** Dataset records follows **
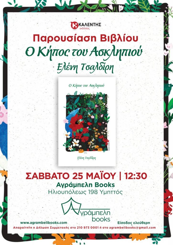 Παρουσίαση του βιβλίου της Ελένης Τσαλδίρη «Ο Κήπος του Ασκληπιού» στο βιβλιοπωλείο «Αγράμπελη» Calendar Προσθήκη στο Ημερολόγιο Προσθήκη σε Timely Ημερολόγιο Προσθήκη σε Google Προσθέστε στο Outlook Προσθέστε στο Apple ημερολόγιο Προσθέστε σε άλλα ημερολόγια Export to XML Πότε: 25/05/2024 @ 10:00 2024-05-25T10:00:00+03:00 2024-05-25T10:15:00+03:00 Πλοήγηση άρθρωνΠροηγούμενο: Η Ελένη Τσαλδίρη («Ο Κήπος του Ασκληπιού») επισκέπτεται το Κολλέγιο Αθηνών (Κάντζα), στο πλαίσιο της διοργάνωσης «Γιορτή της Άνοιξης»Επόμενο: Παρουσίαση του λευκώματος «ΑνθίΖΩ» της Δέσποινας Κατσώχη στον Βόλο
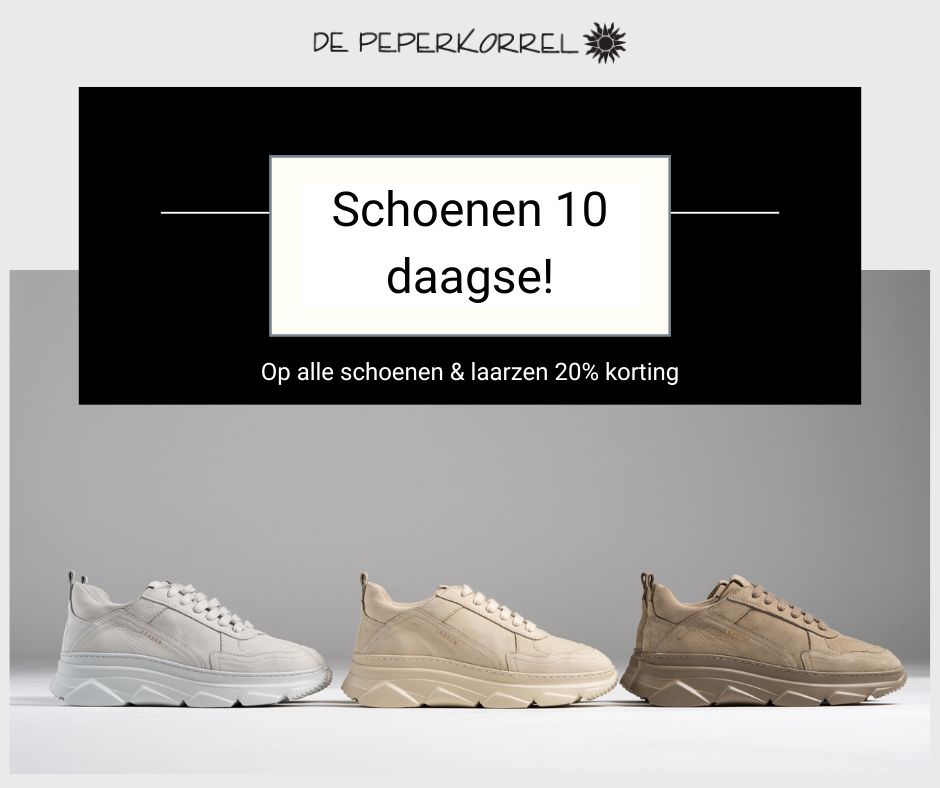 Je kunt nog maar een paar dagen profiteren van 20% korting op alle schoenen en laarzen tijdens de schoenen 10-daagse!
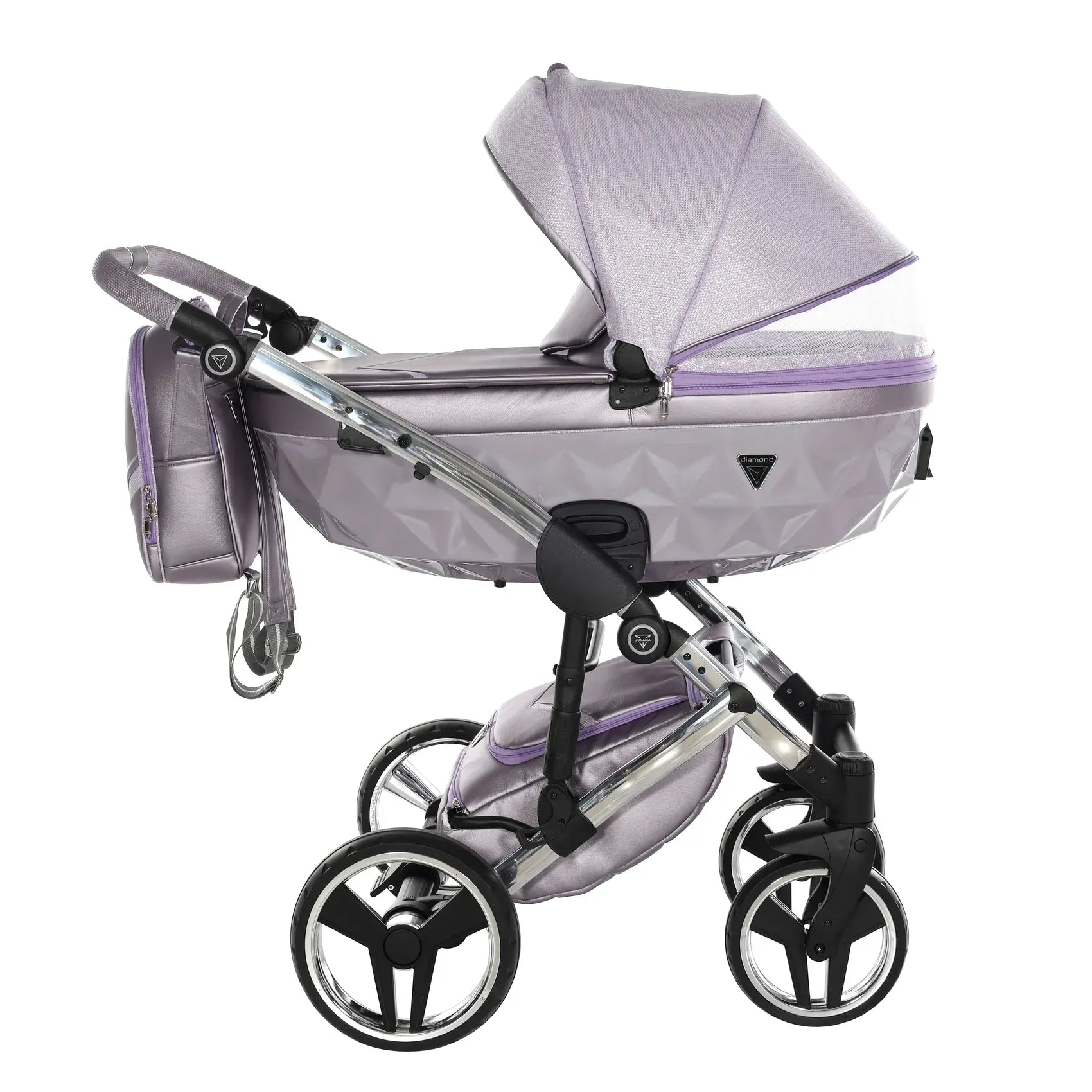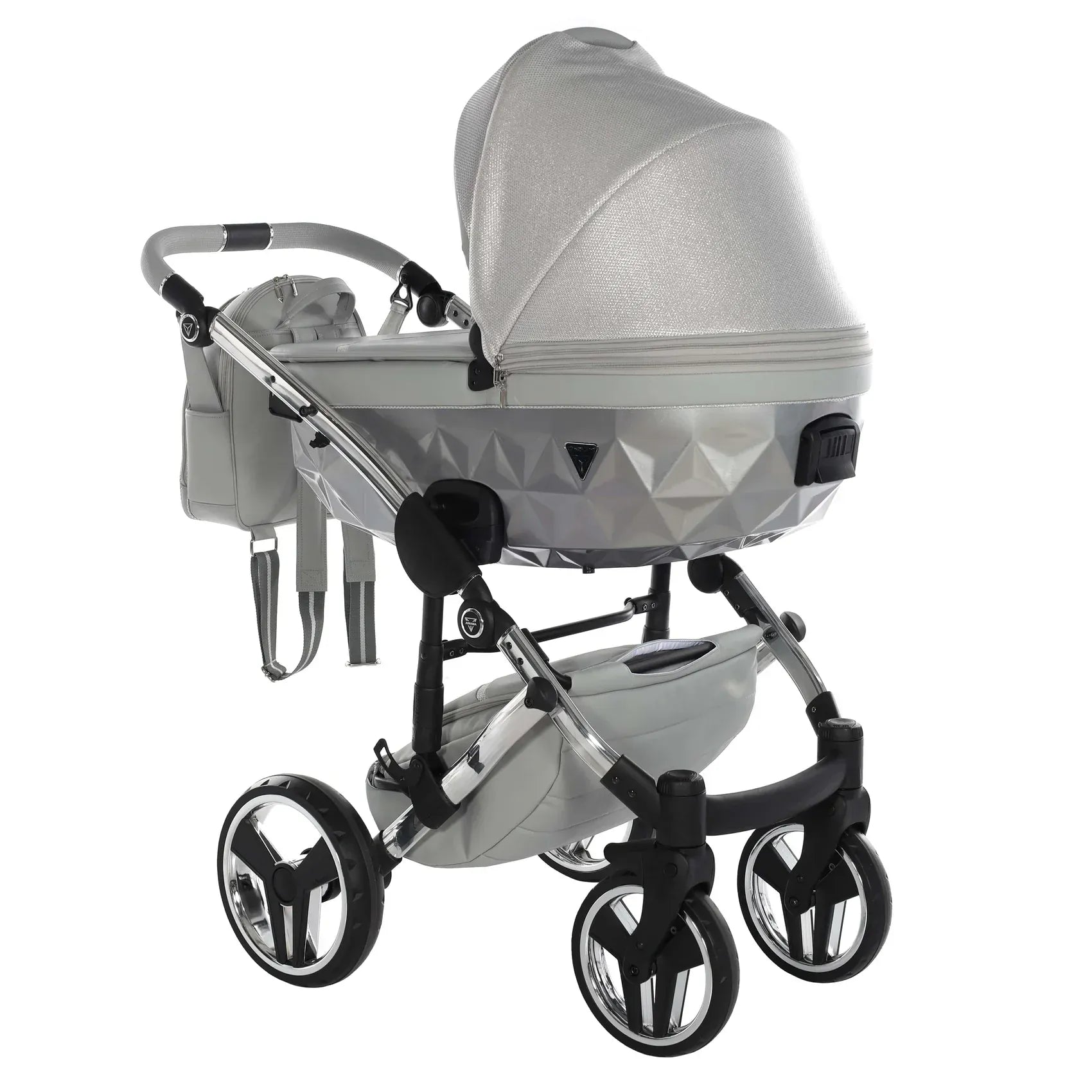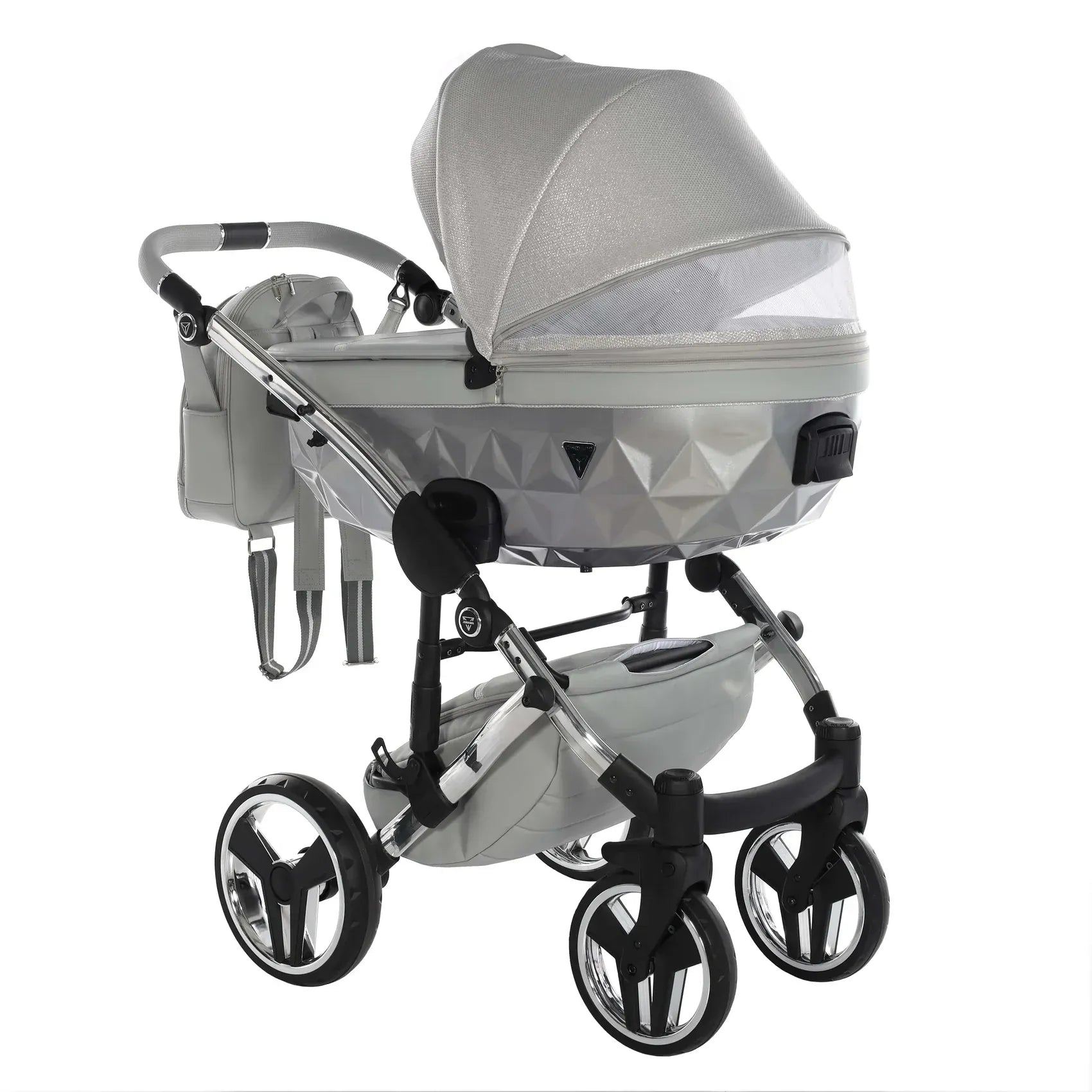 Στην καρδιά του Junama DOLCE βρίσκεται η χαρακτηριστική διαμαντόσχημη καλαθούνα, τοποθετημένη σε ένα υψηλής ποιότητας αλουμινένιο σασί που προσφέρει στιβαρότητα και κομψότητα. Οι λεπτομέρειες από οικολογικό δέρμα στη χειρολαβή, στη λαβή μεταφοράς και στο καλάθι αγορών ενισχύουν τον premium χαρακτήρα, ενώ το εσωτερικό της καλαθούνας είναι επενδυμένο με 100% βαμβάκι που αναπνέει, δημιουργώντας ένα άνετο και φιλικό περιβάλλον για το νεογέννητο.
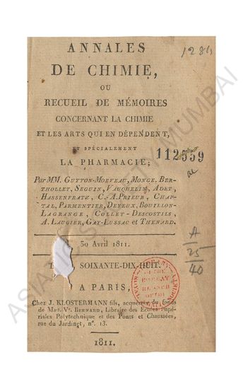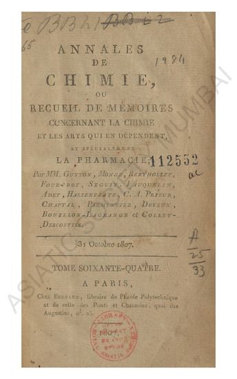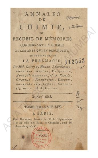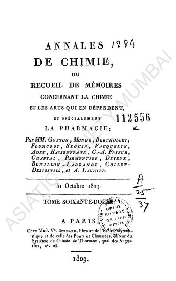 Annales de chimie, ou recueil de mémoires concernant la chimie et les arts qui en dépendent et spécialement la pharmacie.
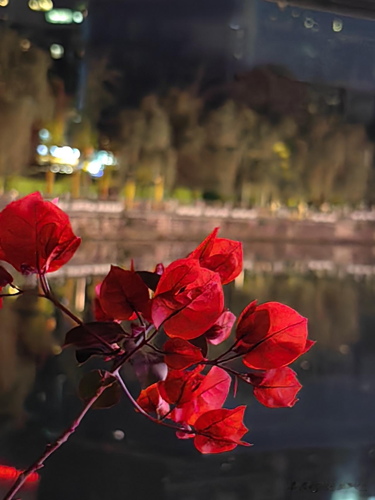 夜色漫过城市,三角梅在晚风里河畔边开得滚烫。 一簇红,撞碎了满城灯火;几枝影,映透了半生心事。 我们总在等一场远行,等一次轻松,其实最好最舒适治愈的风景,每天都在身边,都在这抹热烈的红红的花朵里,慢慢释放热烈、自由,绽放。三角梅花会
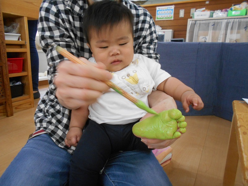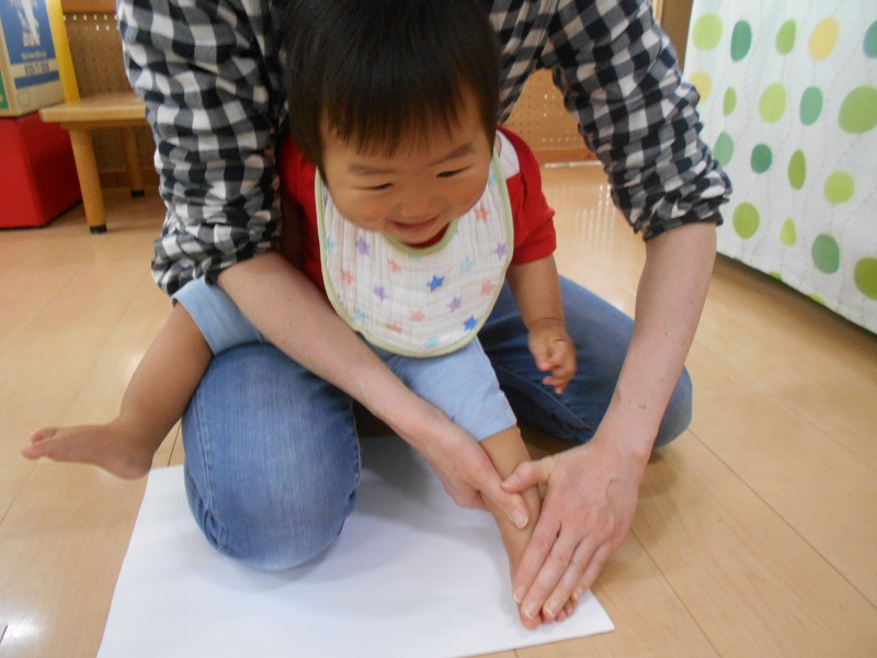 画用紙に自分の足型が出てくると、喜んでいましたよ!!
** End of Dataset records **
__Task objective__
Repeat the data in full, exactly as it stands, but drop every picture.

__Answer area__
 Παρουσίαση του βιβλίου της Ελένης Τσαλδίρη «Ο Κήπος του Ασκληπιού» στο βιβλιοπωλείο «Αγράμπελη» Calendar Προσθήκη στο Ημερολόγιο Προσθήκη σε Timely Ημερολόγιο Προσθήκη σε Google Προσθέστε στο Outlook Προσθέστε στο Apple ημερολόγιο Προσθέστε σε άλλα ημερολόγια Export to XML Πότε: 25/05/2024 @ 10:00 2024-05-25T10:00:00+03:00 2024-05-25T10:15:00+03:00 Πλοήγηση άρθρωνΠροηγούμενο: Η Ελένη Τσαλδίρη («Ο Κήπος του Ασκληπιού») επισκέπτεται το Κολλέγιο Αθηνών (Κάντζα), στο πλαίσιο της διοργάνωσης «Γιορτή της Άνοιξης»Επόμενο: Παρουσίαση του λευκώματος «ΑνθίΖΩ» της Δέσποινας Κατσώχη στον Βόλο
 Je kunt nog maar een paar dagen profiteren van 20% korting op alle schoenen en laarzen tijdens de schoenen 10-daagse!
 Στην καρδιά του Junama DOLCE βρίσκεται η χαρακτηριστική διαμαντόσχημη καλαθούνα, τοποθετημένη σε ένα υψηλής ποιότητας αλουμινένιο σασί που προσφέρει στιβαρότητα και κομψότητα. Οι λεπτομέρειες από οικολογικό δέρμα στη χειρολαβή, στη λαβή μεταφοράς και στο καλάθι αγορών ενισχύουν τον premium χαρακτήρα, ενώ το εσωτερικό της καλαθούνας είναι επενδυμένο με 100% βαμβάκι που αναπνέει, δημιουργώντας ένα άνετο και φιλικό περιβάλλον για το νεογέννητο.
 Annales de chimie, ou recueil de mémoires concernant la chimie et les arts qui en dépendent et spécialement la pharmacie.
 夜色漫过城市,三角梅在晚风里河畔边开得滚烫。 一簇红,撞碎了满城灯火;几枝影,映透了半生心事。 我们总在等一场远行,等一次轻松,其实最好最舒适治愈的风景,每天都在身边,都在这抹热烈的红红的花朵里,慢慢释放热烈、自由,绽放。三角梅花会
 画用紙に自分の足型が出てくると、喜んでいましたよ!!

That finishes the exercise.